А также, иногда исполняя, а иногда и предвосхищая грядущий социальный заказ, мог отыскать убедительный компромат на кого угодно.
С большой долей уверенности можно сказать, что их отношения напоминали отношения умного средневекового монарха с не менее, а то и более умным шутом.
А главное – Лихарев один мог заменить половину Секретариата ЦК и приличную часть центрального аппарата НКВД. Как у него это получалось, Сталин давно уже не интересовался, то есть не вникал в технологию, не раз и не два убедившись, что информация Валентина достоверна абсолютно и напрочь лишена конъюнктуры. И еще одно – любое задание Валентин мог исполнить буквально за несколько часов: доклад ли составить, полсотни источников проанализировать или полузабытую цитату из неизвестной книги найти. И работать без сна мог сутками, превосходя в этом даже самого Сталина.
Только на час-другой выйдет из кабинета, якобы в библиотеку или архив – и пожалуйста.
Как в русской сказке – пойди туда, не знаю куда…
Этого Сталин понять до конца не мог, но ценил. Разобраться, если потребуется, можно и позже, а пользоваться нужно сейчас.
Еще в самом начале их «сотрудничества» Лихарев как-то сказал вождю:
– Товарищ Сталин, я хоть и коммунист, но кое в чем с Христом согласен. Беру с него пример.
– В чем же?
– Он говорил: «Пусть слова ваши будут: да – да, нет – нет, остальное же от лукавого». Вот и я хочу, чтобы вы это знали.
– Что именно? Библию и Евангелие я изучал задолго до вашего рождения. Надеюсь – не хуже.
– Что я руководствуюсь на службе этим же принципом. У вас много людей, которые тщательно продумывают, что, как и когда сказать. Я же буду говорить абсолютную правду. Как американский врач американскому пациенту…

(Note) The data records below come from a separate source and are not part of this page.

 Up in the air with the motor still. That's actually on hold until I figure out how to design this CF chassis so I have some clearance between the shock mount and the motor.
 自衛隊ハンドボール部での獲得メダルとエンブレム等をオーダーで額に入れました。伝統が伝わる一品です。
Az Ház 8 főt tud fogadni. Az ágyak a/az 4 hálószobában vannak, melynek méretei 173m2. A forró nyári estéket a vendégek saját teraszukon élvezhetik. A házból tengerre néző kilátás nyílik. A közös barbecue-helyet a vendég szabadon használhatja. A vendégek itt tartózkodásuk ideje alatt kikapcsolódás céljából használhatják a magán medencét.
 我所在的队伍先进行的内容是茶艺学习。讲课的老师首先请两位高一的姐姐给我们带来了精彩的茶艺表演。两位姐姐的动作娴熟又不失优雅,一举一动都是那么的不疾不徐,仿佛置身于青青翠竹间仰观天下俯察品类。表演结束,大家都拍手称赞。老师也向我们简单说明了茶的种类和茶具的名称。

– А как он это делает? – заинтересовался Сталин.
– Довольно-таки просто. «На что жалуетесь? Раздевайтесь. Так, все понятно, одевайтесь. У вас неоперабельный рак в последней стадии, умрете через три месяца, если будете принимать вот это, проживете на полгода дольше…»

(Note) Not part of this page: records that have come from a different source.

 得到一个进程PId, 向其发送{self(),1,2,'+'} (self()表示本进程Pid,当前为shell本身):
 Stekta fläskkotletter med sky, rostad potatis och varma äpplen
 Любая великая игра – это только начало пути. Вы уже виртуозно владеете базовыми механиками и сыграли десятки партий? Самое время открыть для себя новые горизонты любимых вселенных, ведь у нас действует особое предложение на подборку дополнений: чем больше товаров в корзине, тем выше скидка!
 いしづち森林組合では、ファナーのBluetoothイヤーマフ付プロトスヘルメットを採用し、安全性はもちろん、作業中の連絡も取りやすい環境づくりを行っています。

Сталин с минуту молчал, размышляя, как следует отреагировать. Можно было – по-разному. Наконец он сделал выбор. Засмеялся благодушно-одобрительно.

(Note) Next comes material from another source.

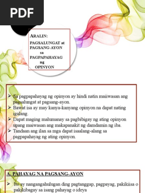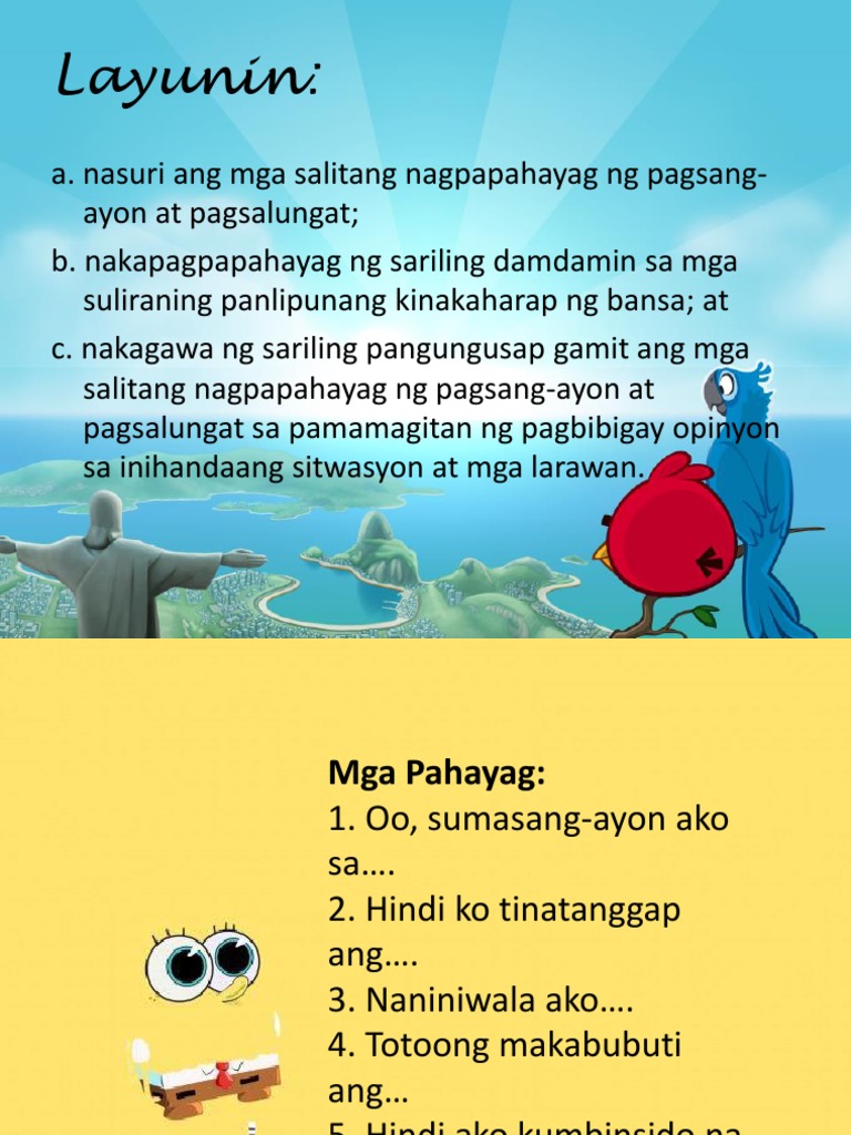 Aug 21 2017 Pag-aralan sa iabab angmga hudyat na ginagamit sa pagsalungat at pagsang-ayon sa pagpapahayag ng opinyon. Sa ating buhay maraming pagkakataon na tayoy nawawalan ng gana. Kumuha ng mga salita mula sa ibat ibang katutubong wika ng bansaHalimbawaHiram na Salita Filipino Imagery -harayaTagalog Husband -banaCebuano Muslim Priest -imamTausug 3.

– Наверное, вы правы, товарищ Лихарев. Кто-нибудь должен играть роль такого врача. Кому-то может показаться жестоким такой подход, но для настоящего большевика он правильный. Владимир Ильич, когда тяжело заболел, тоже обратился не к Троцкому, не к Бухарину, не к жене даже, а ко мне. «Коба, – сказал он, – если мне станет совсем плохо, дай мне яду».
Причем доверил мне самому определить, когда настанет нужный момент.
Сталин по-доброму, лукаво улыбнулся в усы. Очевидно, воспоминание о таком доверии старшего товарища было ему приятно.
– Но, в свою очередь, и вы не должны обижаться, товарищ Лихарев, – пыхнув трубкой, добавил он, – если когда-нибудь и вам скажут нечто подобное. Или нет?
– Почему же нет, товарищ Сталин? Лишь бы для пользы дела.
С тех пор вождь проникся к порученцу особым, чисто сталинским уважением. Ему нравилось еще и то, что Валентин не прикидывался бесстрашным героем, способным, рванув на груди рубашку, кинуться на пулеметы. Нет, он выглядел, а наверное, и был на самом деле аналогом стоика античных времен вроде Сократа, позволявшего себе говорить и делать, что считал нужным, но и выпить, когда обстановка потребовала, чашу цикуты без видимых отрицательных эмоций.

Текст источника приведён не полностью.